つまりいつもしていることをただ繰り返すだけになるのです。
これは新しい良い習慣を習得しづらくなるのももちろんですが、悪い習慣からストレスの連鎖に入りやすくなるということでもあります。
例えば休日はついダラダラ過ごしてしまうような人が、ストレスを抱えて会社をサボってしまったとしましょう。
そうするとサボってしまったという行為自体がストレスになり、さらにダラダラ過ごすという習慣を促進してしまうかもしれません。
しまいには次の日も、その次の日もサボってしまうことでしょう。
負のループに入ってしまい、ストレスから抜け出すことができなくなってしまうのです。
一方で運動などストレスを発散させる習慣があれば、その習慣からすぐに立ち直ることができるでしょう。
つまりストレス、余裕があるときにこそ良い習慣を身につけておくことが大事なのです。
まとめ:習慣化するための方法
習慣化とはなにかから習慣化の方法、そして意志力を鍛える方法まで説明していきました。

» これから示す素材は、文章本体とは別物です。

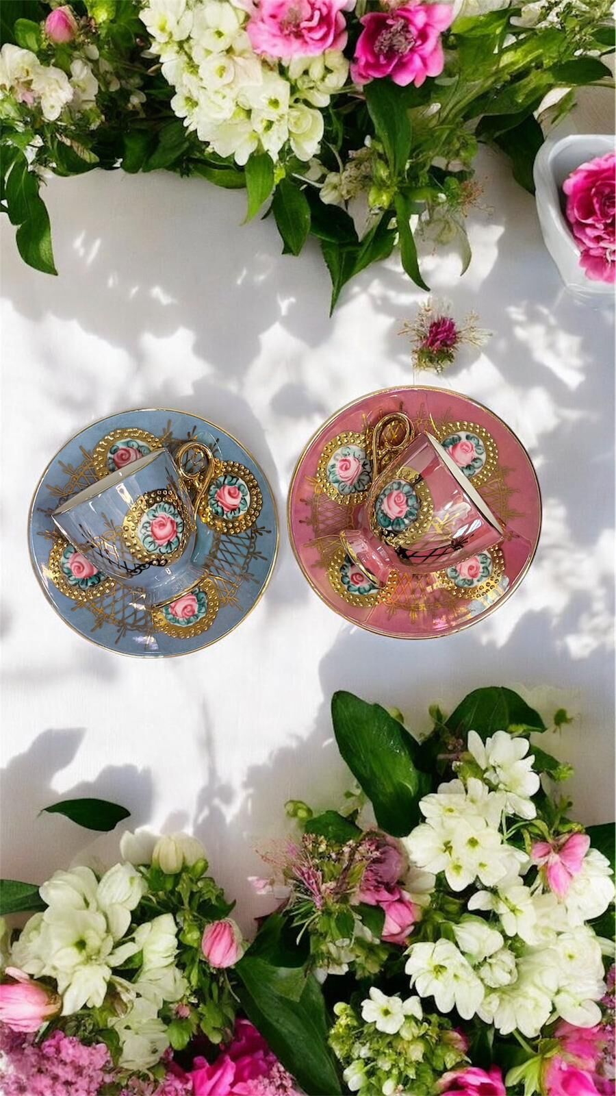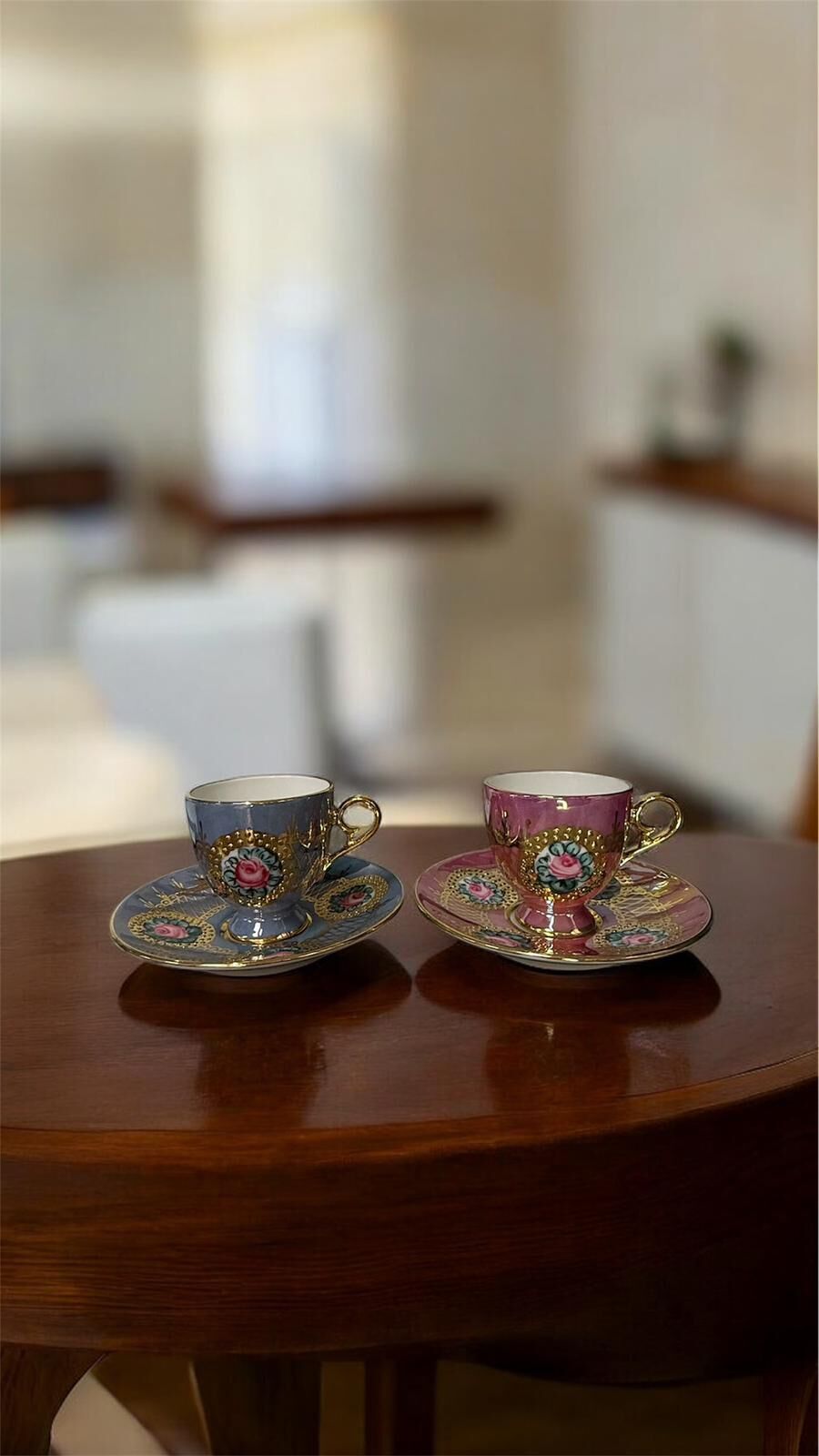 HÜNKAR 2 Lİ PORSELEN EL BOYAMA KAHVE FİNCAN TAKIMI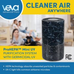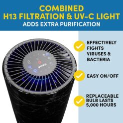 - EXTRA POWER: Disinfect air with extra power from UV-C light. The air purifier also features a HEPA filter and replaceable 3-pass filters with high air volume capacity and a black marbled cylindrical shape, making it ultra stylish and sleek.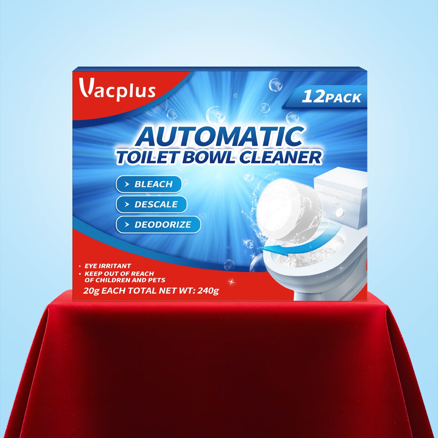 Vacplus 6-pack toilet tank cleaners are specifically formulated to effectively descale your toilet tank, removing stubborn mineral deposits and limescale buildup. They help restore the proper flow of water and prevent clogs, ensuring optimal toilet performance.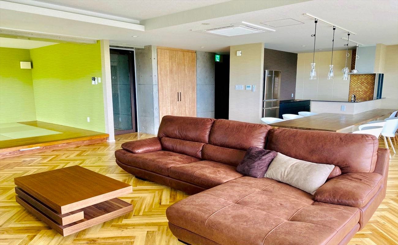 秋のお部屋。ブラウンカラーを基調としたアメリカンな色合い。ベッドルーム3室のうち1室は琉球畳の和室。お子様連れに人気のお部屋。広々としたオープンテラスには温水ジャグジー完備。バーベキュー(別途ガスグリルレンタル)もお楽しみいただけます。ダブルサイズの布団も2組ご用意しております。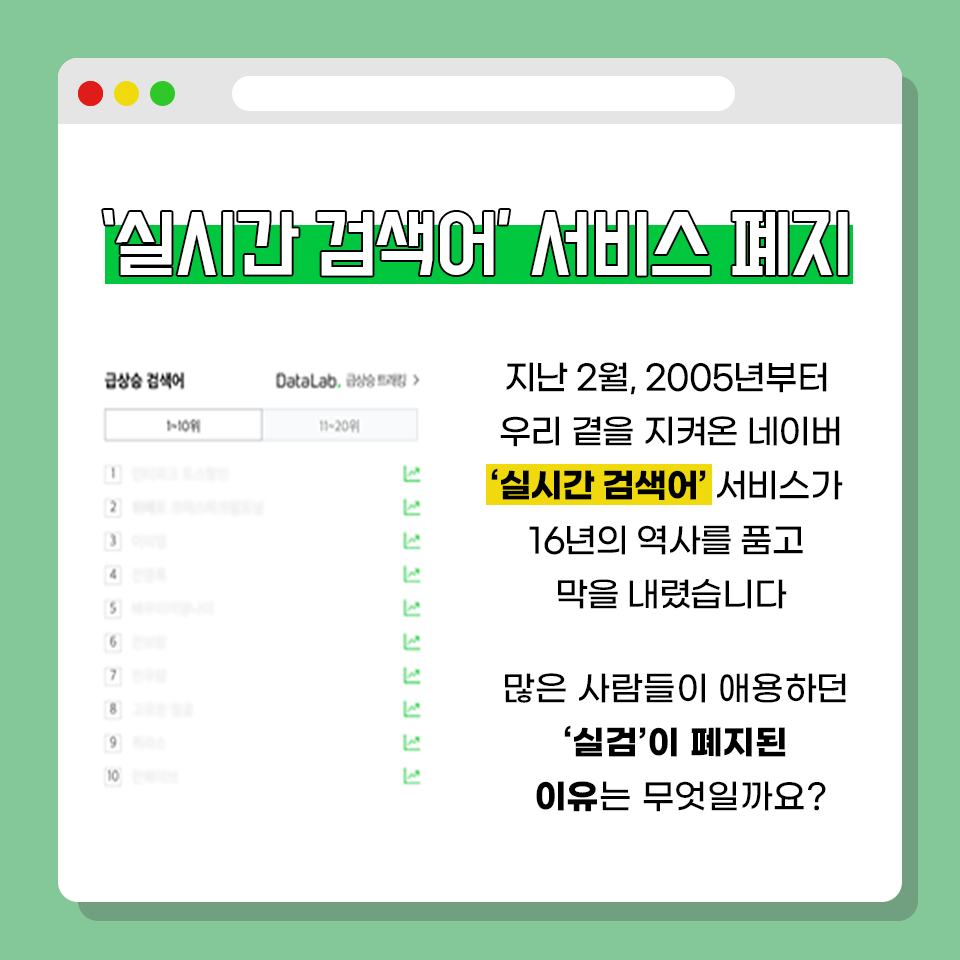 1. 실시간 검색어 서비스 폐지: 지난 2월, 2005년부터 우리 곁을 지켜온 네이버 ‘실시간 검색어’ 서비스가 16년의 역사를 품고 막을 내렸습니다. 많은 사람들이 애용하던 ‘실검’이 폐지된 이유는 무엇일까요?

人の人生は、習慣が左右していると言っても過言ではありません。
英語を喋れるなどの能力は、ほとんど何かを継続することで達成できるものだからです。
ここに記載した習慣化の方法が、目標達成の助けになれば幸いです!
補足
途切れてしまっても大丈夫?
習慣化は脳神経の繋がりが強くなることによって促進されます。
脳神経はすぐには変わらないため、数日で習慣化できないのと同様に、数日行動しなかっただけで「元どおり」にはならないのです。
1日途切れてしまうことで自己嫌悪に陥ってチャレンジを辞めてしまう人も多いかもしれませんが、その程度で辞めてしまうのは非常にもったいないことなんですね。
モチベーションが大事なのでは?
何かするための意志の力は、モチベーションが高いほど少なくなるそうです。
したがって、モチベーションが高ければ習慣化しやすくなることは間違いありません。
しかしモチベーションは感情に基づいた不安定なもので、すぐに変動してしまいます。
例えば「英語を喋れるようになりたい」と思った次の日に「もっと痩せたい」という気持ちの方が強くなってしまうこともあるんじゃないでしょうか。

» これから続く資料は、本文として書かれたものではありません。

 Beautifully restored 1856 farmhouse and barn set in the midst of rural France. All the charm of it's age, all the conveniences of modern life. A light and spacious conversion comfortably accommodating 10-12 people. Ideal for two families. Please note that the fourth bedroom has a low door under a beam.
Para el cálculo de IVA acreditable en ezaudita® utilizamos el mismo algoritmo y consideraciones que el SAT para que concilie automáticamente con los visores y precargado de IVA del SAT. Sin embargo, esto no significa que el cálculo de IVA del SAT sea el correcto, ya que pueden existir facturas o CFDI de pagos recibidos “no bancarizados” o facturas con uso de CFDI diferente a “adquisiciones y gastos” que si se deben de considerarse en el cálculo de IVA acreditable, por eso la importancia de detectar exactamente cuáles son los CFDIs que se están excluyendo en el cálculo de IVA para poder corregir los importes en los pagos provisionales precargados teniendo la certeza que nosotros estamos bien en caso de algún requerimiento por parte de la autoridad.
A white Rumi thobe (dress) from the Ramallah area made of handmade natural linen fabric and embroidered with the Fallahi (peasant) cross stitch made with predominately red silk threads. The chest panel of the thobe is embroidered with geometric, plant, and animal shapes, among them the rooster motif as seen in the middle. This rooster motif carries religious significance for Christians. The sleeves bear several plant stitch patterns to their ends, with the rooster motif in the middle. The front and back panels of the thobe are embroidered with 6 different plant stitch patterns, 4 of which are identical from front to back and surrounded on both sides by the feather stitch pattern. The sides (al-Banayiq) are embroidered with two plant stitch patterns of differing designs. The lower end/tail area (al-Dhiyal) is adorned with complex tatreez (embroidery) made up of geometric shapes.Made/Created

そうすると英語の勉強が定着する前に、運動を始めることになってしまいます。
3日坊主なんて言葉もありますが、モチベーションに頼った習慣化は、習慣化する前に終わってしまうことが多いんですね。
また狙い通りにモチベーションをあげることも難しいですよね。
「やる気出せ」と言われてすぐにやる気が出るのであれば、人生苦労しません。
もちろん習慣化するにあたりモチベーションが高いにこしたことはありません。
しかし習慣化のハードルを下げて、モチベーションがなくても習慣化できるようにすることの方が大事なのです。
意志力はどんな時に使われるの?
2010年に「自我消耗(意志力や自制心の低下)」について行われたメタ分析によると、原因の上位5つは以下の要素だったそうです。
- 努力
- 困難
- 不快さ
- 疲れたと感じること
- 血糖値の低下
そしてこれを解決するためには、
- モチベーションとなる刺激
- 自制心が必要となる課題を使った訓練
- ブドウ糖を補って血糖値をあげる
などがあるそうです。
新しい習慣を得るために必要な日数は21日という説もあるよ!
これは形成外科医のマクスウェル・マルツ博士の研究から生まれたものだそうです。
マルツ博士は手足の切断手術を受けた患者がその状態になれるまで21日かかると気づいたことから、「21日あれば新しい変化に慣れる」としたそうです。
参考
a: Exercise interventions for cognitive function in adults older than 50: a systematic review with meta-analysis.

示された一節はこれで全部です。